Another week has passed with readings about essays. I have to admit that I still cannot really understand why the D’Agata readings are supposed to be essays. My confusion might be related to the very broad and vague definition of the term essay. According to Adorno, the essay does not obey and rules of theory and conceptual method. It consists of the intellectual experience of the author and his personal memory, and has a high level of abstraction as well as a wide field of subjects to write about. In contrast to Adorno’s explanation what an essay is not, Huxley distinctly states what he thinks an essay is: “[…] the essay is a literary device foe saying almost everything about almost anything. By tradition, almost by definition, the essay is a short piece, and is therefore impossible to give all things full play within the limits of a single essay.” (Huxley: 88). This is the first definition which resembles my idea of what an essay should look like. He also goes a step further and divides the essay into three poles: the personal (autobiographical), objective (factual) and universal (abstract). To distinguish these three types and therefore the purpose of writing the essay makes sense to me. It’s also rational to claim that “the most richly satisfying essay” (Huxley: 90) is a mixture of all three poles. I can work with that.

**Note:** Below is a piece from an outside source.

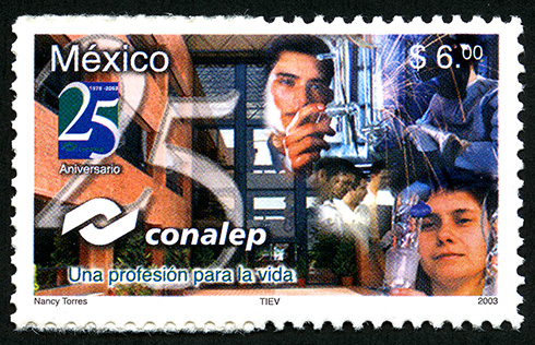 No. Scott: 2344 -- Año de Emisión: 2003 -- Valor Facial: $ 6.00 -- Multicolor -- Perforación: 13 1/2 -- Tipo de Impresión: Offset Tim bre Postal Mexicano multicolor, al fondo de la imagen y del lado izquierdo se observa parte de la fachada de un edificio, del lado derecho aparecen unos jóvenes realizando actividades dentro de un laboratorio, en primer plano está escrito "MÉXICO", el vaor facial de "$6.00", "25 ANIVERSARIO", el emblema del CONALEP "Una profesión para la vida" y "Nancy Torres, TIEV, 2003". Para más información favor de dirigirse a biblioteca@mufi.org.mx

In my opinion, the essays from D’Agata’s anthology experiment with the open form of the essay, in order to express the author’s emotions connected to a certain event of his or her past. The language is very poetic and the writing seems more like a piece of art than an essay. The purpose of these writings is to express one topic or idea in many different formal concepts; starting from one point (usually the title) and elaborating on the idea to anything the author associates with that topic. Goldbarth writes about Delft and everyone and everything he relates with the city, in this case Antonie van Leeuwenhoek and Jan Vermeer (as well as fleas, sex and the plague). Griffin writes about red shoes her grandmother gave to her, which turns out to be a lie. Intertwined with the memory of her past is the discourse about gender differences, sexuality and child abuse; everything the author experienced in her childhood. Mitchell, for example, chooses numbered paragraphs to tell her story about scaffolds, but she quickly evolves her subjects to the idea of falling of a building, and later to the Mount Vesuvius discourse. Besides talking about her journey through Italy, she talks about the creative process of producing art and the power of dreaming and imagination. All these subjects doesn’t seem to relate to each other at first, but you could clearly see Mitchells chain of thoughts while reading the story. Her essay is a travel journal, consisting of her personal memories (observation of scaffold in Italy), reference to historical facts (volcano eruption) and high amount of abstract ideas, relating in the broad sense with the main idea of scaffolding.
While writing this blog post, I just realize that this is exactly what Huxley said. But you get so much information and details in these essays (fiction, truth, memory) that I am starting to wonder if it is really the best to mix all three poles, for the sake of the reader’s comprehension.